They weren't going to see me because they thought I was too young, but my agent, Jason, fought for me to go in. Carmen Cuba, the casting director, agreed to meet with me, and we taped the interview. She asked me questions about my life, my dating history, things like that. We talked like girlfriends would; it was more friendly than a formal interview. I then got a call that I was to go in and audition for them, which I did. After we finished the scenes, Carmen excused the guy I was reading with and said, "this will never happen to you again for the rest of your career, but you booked the role before you came in."[26]

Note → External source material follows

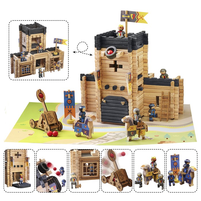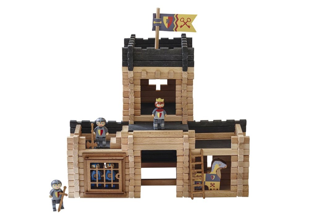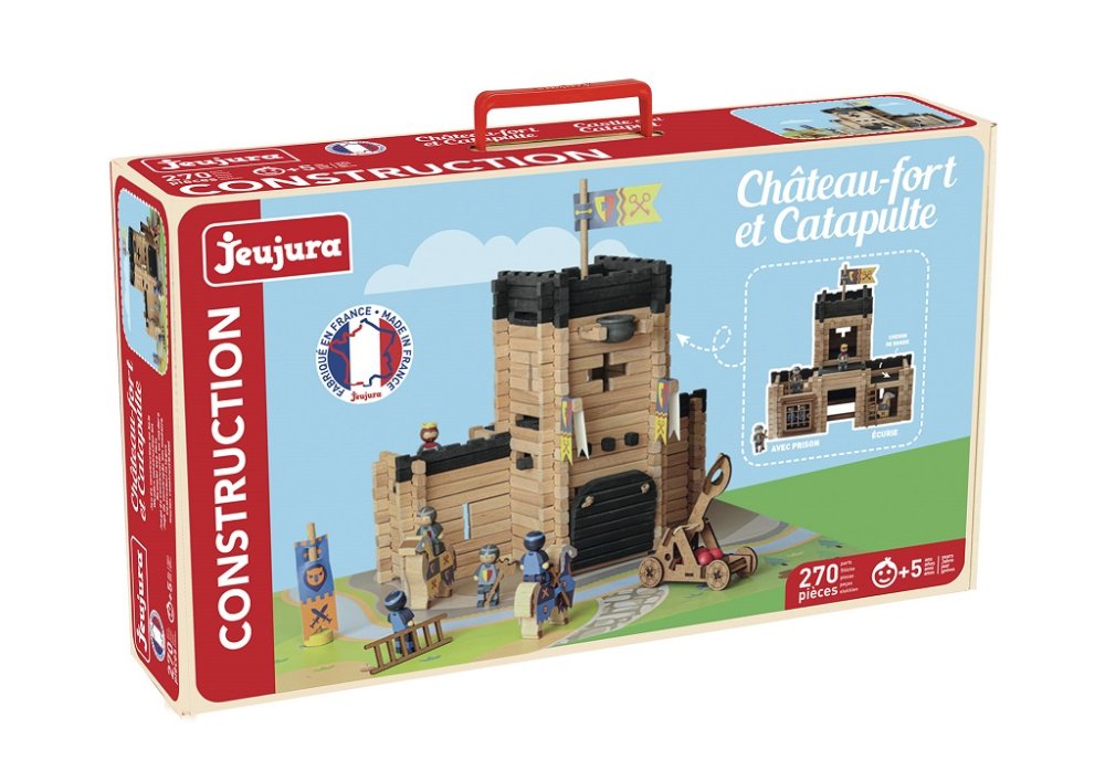 Erleben Sie große Abenteuer mit diesen tapferen Rittern! Bauen Sie Ihre eigene Burg, installieren Sie eine Zugbrücke, ein Gefängnis, einen Wachweg, Flaggen und bauen Sie ein Katapult. Es reicht, aufs Pferd zu steigen und die Eroberung kann beginnen! Die Baukästen von Jeujura Constructions haben eine lange Tradition und gehören zu den klassischen französischen Spielzeugen. Bietet thematisch gestaltete Serien an: Chalets, Häusern und Bauernhöfen, aber auch dem Wilden Westen und dem Mittelalter. Sie lassen sich frei miteinander kombinieren, und für viele von ihnen werden auch Zubehör, Figuren und Fahrzeuge angeboten. Sie werden in Frankreich aus massivem Buchen- und Kiefernholz französischer Herkunft hergestellt. Die Teile werden ausschließlich mit Farben und Lacken auf Wasserbasis behandelt. Jedes Set ist in einem praktischen Kartonkoffer verpackt, der mit Pflanzenfarben bedruckt ist, und eine leicht verständliche Anleitung ist im Lieferumfang enthalten. Haupteigenschaften: 270 Teile aus Massivholz und eine Unterlagepraktische VerpackungHergestellt in Frankreich

The cast visited a strip club to see what this world was like and the dance routines and to get information on the backstage life.[15] To prepare for the role, McConaughey went in a Los Angeles strip mall to get used to regular waxing.[27] Matt Bomer had to put on about 15 pounds for his part.[28] Adam Rodriguez went through a cardio and weights training.[16]

Filming[edit]

Principal photography commenced in Playa del Rey, Los Angeles in September 2011[29] and concluded in Tampa by late October.[30] The scenes that took place in the fictional club Xquisite were filmed in Studio City, Los Angeles.[31] Locations in Florida included the Fort Desoto Bridge, the Dunedin coast, the Gulf of Mexico, Tampa, Ybor City, St. Petersburg, Tarpon Springs, and Tierra Verde.[16][32] Soderbergh chose to shoot the entirety of the film with a double straw camera filter, except the interior of the club.[16]

Music[edit]

Magic Mike: Original Motion Picture Soundtrack
Soundtrack album by Various artists
Released June 26, 2012
Length 36:18
Label WaterTower Music

The soundtrack was released on June 28, 2012, through WaterTower Music.[33][34] Other songs featured in the film include Cobra Starship's "#1Nite", Sean Paul's "Got 2 Luv U", and Ginuwine's "Pony".[35]

Track listing
No. Title Performer(s) Length
1. "Breakdown"   Alice Russell 3:45
2. "It's Raining Men"   Countré Black 1:57
3. "Bang Bang Boom"   The Unknown 1:58
4. "Gimme What You Got"   Black Daniel 3:13
5. "Just For Now"   Cloud Control 3:57
6. "Money"   Ringside 2:54
7. "Sassy Sexy Wiggle"   Joe Tex 4:02
8. "Mo Cash!"   Vegas Audio Ninjas 2:08
9. "Wash U Clean"   Beth Thornley 3:13
10. "Victim"   Win Win & Blaqstarr 3:37
11. "Ladies of Tampa"   Matthew McConaughey 1:14
12. "Feels Like the First Time"   Foreigner 4:20

Release[edit]

Warner Bros. Pictures acquired US distribution rights to the independently produced film on October 27, 2011. Magic Mike was first screened at the Los Angeles Film Festival as the closing film on June 24, 2012, and was widely released on June 29, 2012, in the United States.[36][37]

Marketing[edit]

The first full-length trailer for Magic Mike was released on iTunes on April 18, 2012 with a poster indicating the film's name.[38] The first poster featuring the cast was released on June 1, 2012, along with a new trailer.[39] A second poster followed on June 4, 2012, and a fourth trailer was released on June 13, 2012.[40][41] To promote the film, Channing Tatum, Matthew McConaughey, Joe Manganiello and Matt Bomer participated in a photo shoot for Entertainment Weekly that came out in the May 25, 2012, issue.[42] Tatum, McConaughey, and Manganiello attended the MTV Movie Awards where they presented the award for the best on-screen transformation. During the presentation, Manganiello arrived dressed as a fireman stripper.[43]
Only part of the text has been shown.